The Minneapolis police interviewed appellant for two hours while in Florida after his arrest, resulting in a 70-page transcript. The transcript presented to the jury contained all but six pages redacted by the district court's order. Appellant also testified. Appellant presented evidence from both the interview transcript and testimony as follows:

• Appellant testified that he purchased a gun about a month before the shooting for purposes of self-defense.

• Appellant testified he was polite throughout the exchange, only raising his voice to tell the victim to calm down, and that the victim was "hostile and aggressive."

• Appellant stated he could have initially walked away from the exchange, but said as it progressed he felt the victim would not let him walk away.

• Appellant agreed there was nothing "blocking" the sidewalk, alley, or street to prevent him from leaving the encounter.

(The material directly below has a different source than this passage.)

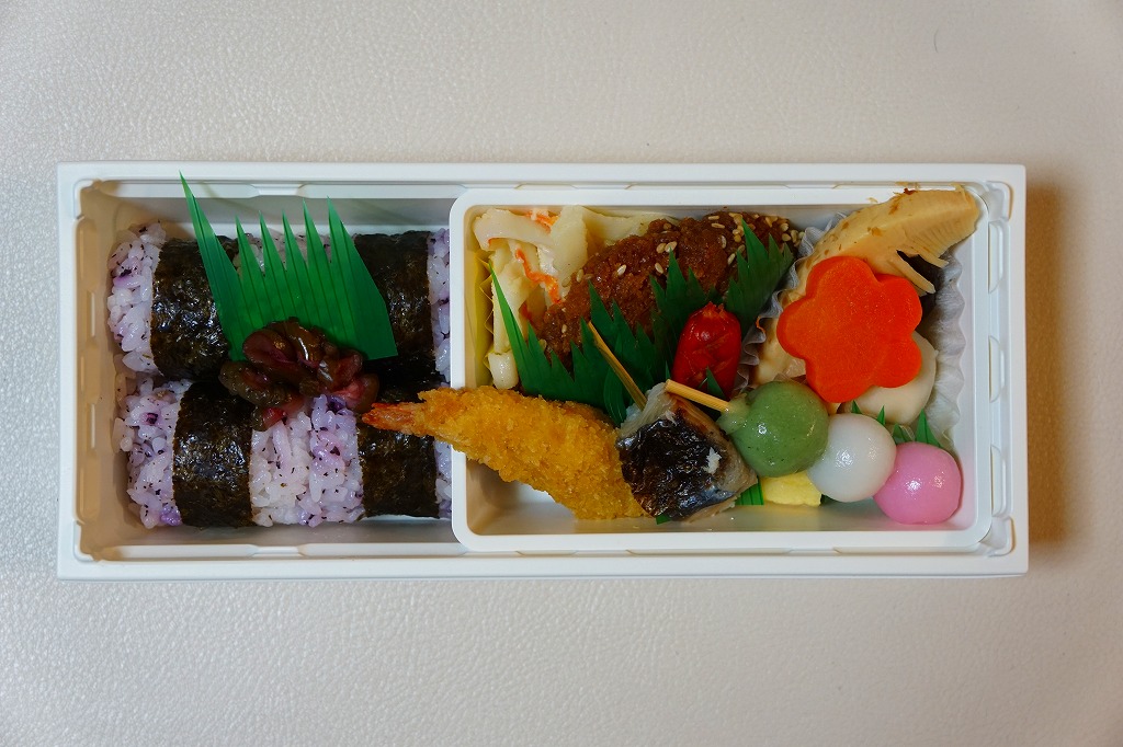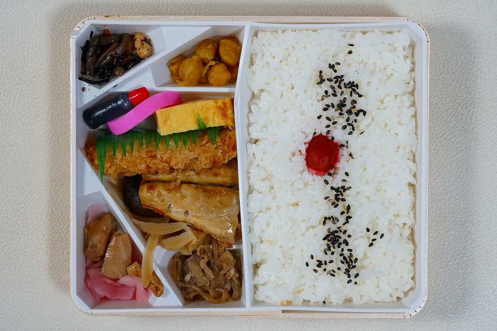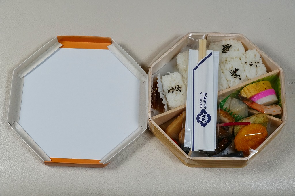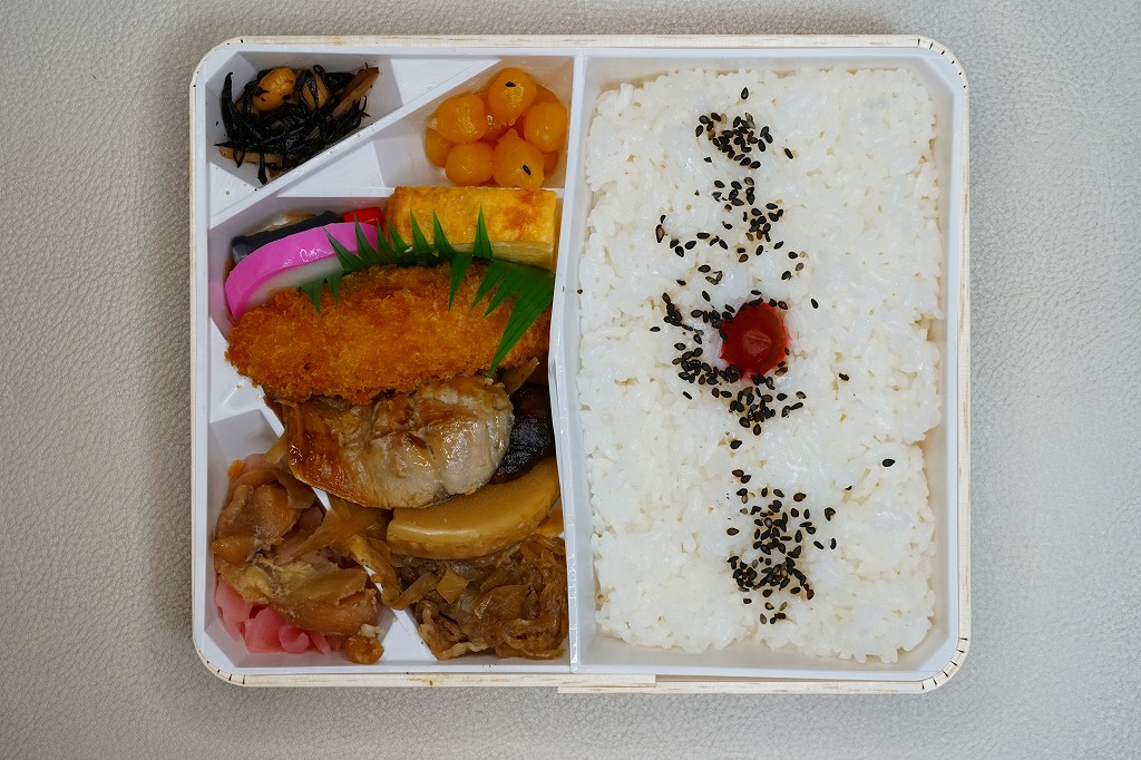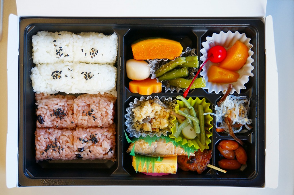 2008(平成20)年か、それ以前の発売か。仕出し弁当風の専用紙箱に収まる黒いトレーの中に、白御飯と赤飯の俵飯、焼きサバ、かまぼこ、玉子焼、カボチャやサトイモなどの煮物、山菜、うの花、インゲンのごま和え、春雨、ピーナッツ煮、桃とチェリーなど。駅弁ではまず見ないうの花(おから)が入ることが印象的。

• Appellant extensively testified that the victim threatened to take appellant's gun and shoot appellant, after appellant warned the victim he was armed. The latter testimony contradicts appellant's earlier
statement to police, also heard by the jury, in which he told the interviewing officers the victim "assumed" appellant had a gun.

• Appellant, as his explanation for leaving the state after the shooting, said he wanted to "buy time" before his ultimate arrest and that he planned to turn himself in to police in Florida.

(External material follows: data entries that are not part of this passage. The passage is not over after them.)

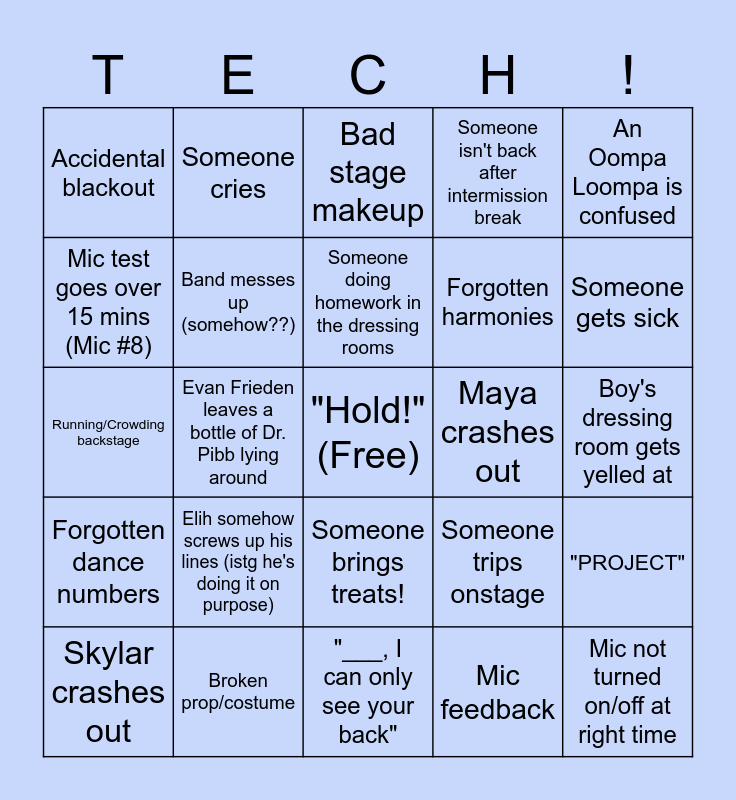 This bingo card has a free space and 24 words: Elih somehow screws up his lines (istg he's doing it on purpose), Broken prop/costume, Someone doing homework in the dressing rooms, Skylar crashes out, An Oompa Loompa is confused, Accidental blackout, Mic test goes over 15 mins (Mic #8), Someone cries, Maya crashes out, Someone brings treats!, Forgotten harmonies, Running/Crowding backstage, Someone trips onstage, "PROJECT", Band messes up (somehow??), Mic feedback, Boy's dressing room gets yelled at, Bad stage makeup, Someone gets sick, Evan Frieden leaves a bottle of Dr. Pibb lying around, Mic not turned on/off at right time, Forgotten dance numbers, Someone isn't back after intermission break and "___, I can only see your back".
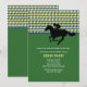 Une invitation sportive idéale pour une fête du Kentucky Derby ou pour toute occasion liée aux courses de chevaux. La carte présente un motif de Jacquard bleu, vert et blanc sur le dessus, un fond vert solide et un jockey silhouette sur un cheval en noir.L'invitation est facile à customiser avec votre libellé, police, couleur de police et choix de six types de papier.
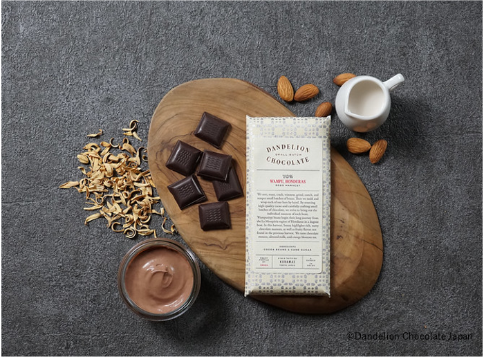 ダンデライオン・チョコレートでは、カカオ豆の選別からチョコレートになるまでの全ての工程をひとつのファクトリーで行う、「Bean to Bar」と呼ばれる製造方法で全てのチョコレートを作っています。1種類のカカオの産地からなる「シングルオリジン」(単一産地)が特徴で、原材料はカカオ豆とオーガニックのきび砂糖のみというシンプルさが特徴です。
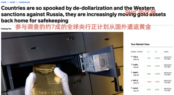 另外美国金融网站ZeroHedge在有关"许多国家将存在海外的黄金运回国"的跟进报道也在印证上述现象,这意味着全球央行对美国货币和美国金融系统信用的信心出现下降。

As required by Kelley, after analyzing the strength of the evidence presented, we next turn to the nature of the defense. 855 N.W.2d at 284.

2. The Nature of the Defense

Appellant presented testimony and argued that he shot the victim in self-defense. Because appellant claimed self-defense, "[the] state has the burden of disproving one or more" elements of self-defense "beyond a reasonable doubt." State v. Johnson, 719 N.W.2d 619, 629 (Minn. 2006) (quotation omitted). A successful self-defense justification requires:

(1) the absence of aggression or provocation on the part of the defendant; (2) the defendant's actual and honest belief that he or she was in imminent danger of . . . bodily harm; (3) the existence of reasonable grounds for that belief; and (4) the absence of a reasonable possibility of retreat to avoid the danger.
State v. Devens, 852 N.W.2d 255, 258 (Minn. 2014) (quotation omitted). For a self-defense justification to stand, one may use only the level of force "reasonably necessary to prevent the bodily harm feared." Id.

The state's evidence clearly disproved the first and fourth elements, (1) the absence of aggression or provocation on the part of the defendant, and (4) the absence of a reasonable possibility of retreat to avoid the danger. Additionally, the state presented evidence that the level of force used by appellant exceeded the feared harm. See Montanaro v. State, 802 N.W.2d 726, 733 (Minn. 2011) (concluding self-defense instruction could not have had significant effect on the jury's verdict because "no reasonable jury could find [defendant's] actions to be a reasonable use of force").

In summary, considering both prongs of the Kelley analysis, the state presented significant evidence of intent and disproved, at a minimum, two prongs of self-defense. The district court's error had no significant effect on the jury's verdict because "no rational jury would have acquitted the defendant of the more serious charge based on the evidence at trial." Woodard, 942 N.W.2d at 145. Therefore, appellant's substantial rights were not affected by the error.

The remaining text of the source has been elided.